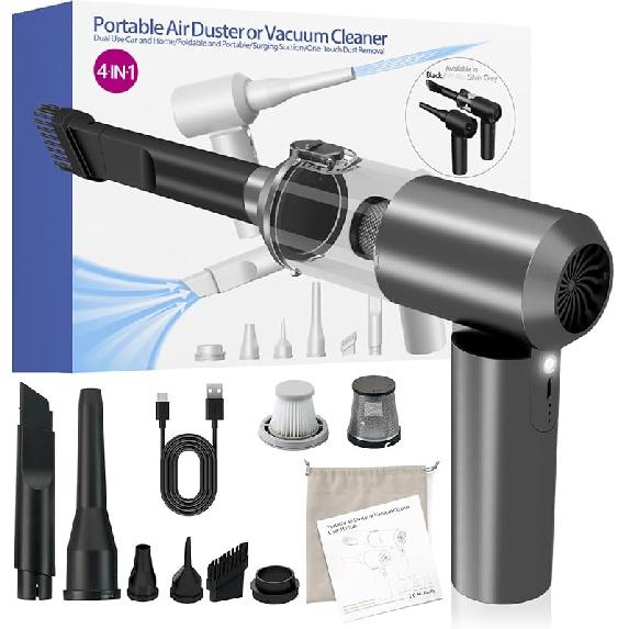 Car Vacuum Cleaner, 16000PA Car Vacuum Portable Cordless, 4-in-1 Mini Handheld Vacuum with Brushless Motor and Type C, Strong Suction Portable Vacuum
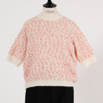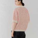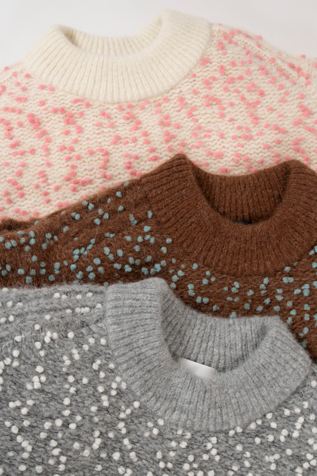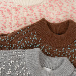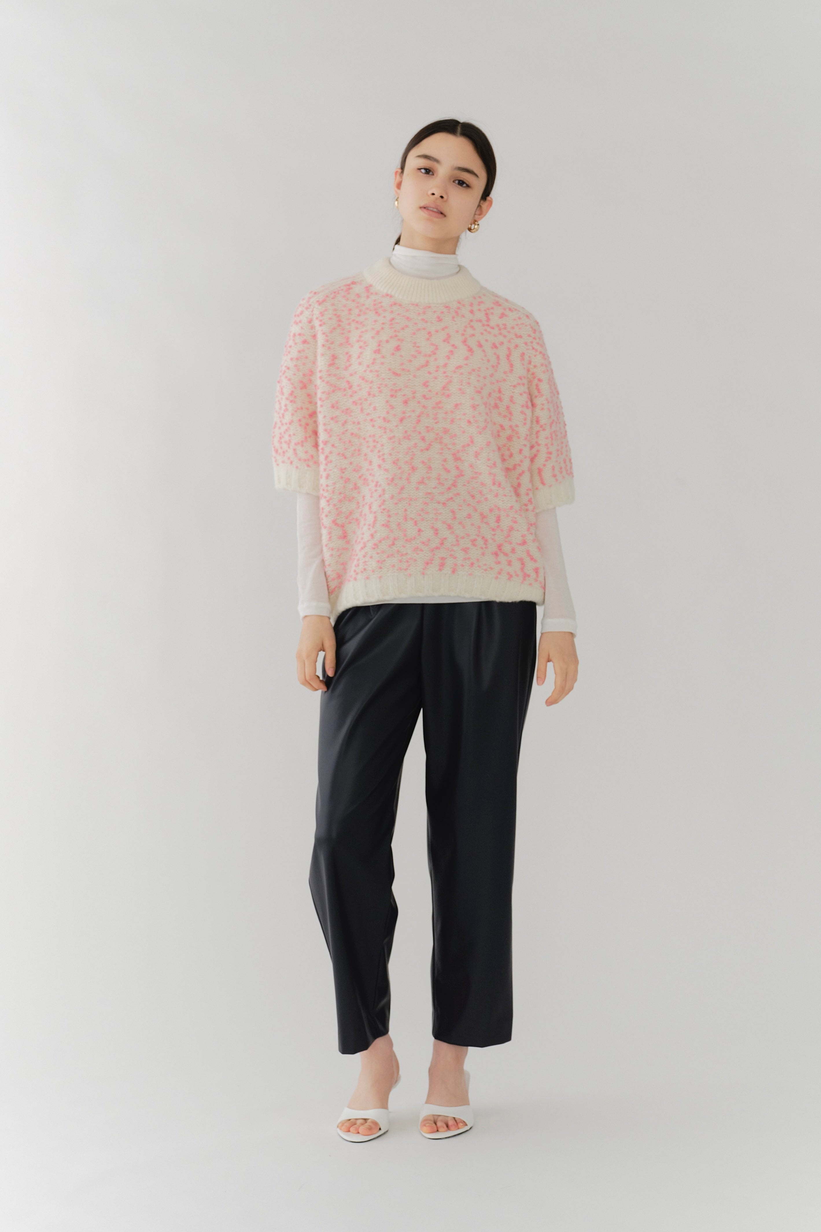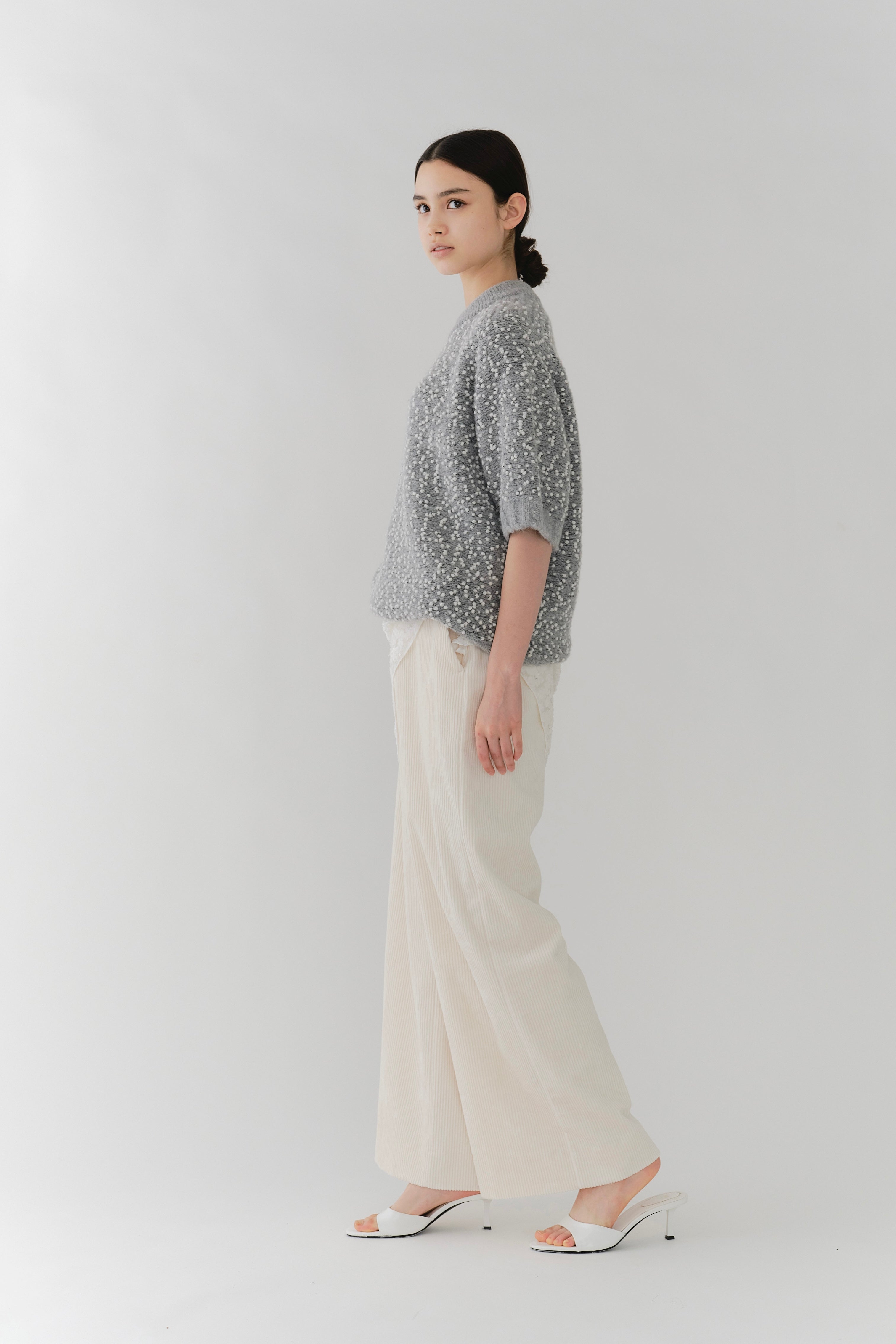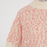 It is a mixed knit adorned with colorful wool thread dots, evoking the playful image of "Popping Shower" ice cream. By combining wool yarns with varying nap lengths, we achieved a soft, texturally rich and expressive knit fabric.
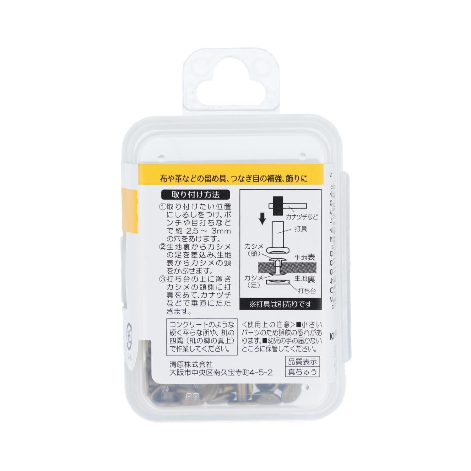 布や革などの留め具、つなぎ目の補強、飾りに。

**TASK DETAILS:**
Leave out all pictures and extract exactly the lines from the line with "It is a mixed" through the end of the material.

**ANSWER BOX:**
 It is a mixed knit adorned with colorful wool thread dots, evoking the playful image of "Popping Shower" ice cream. By combining wool yarns with varying nap lengths, we achieved a soft, texturally rich and expressive knit fabric.
 布や革などの留め具、つなぎ目の補強、飾りに。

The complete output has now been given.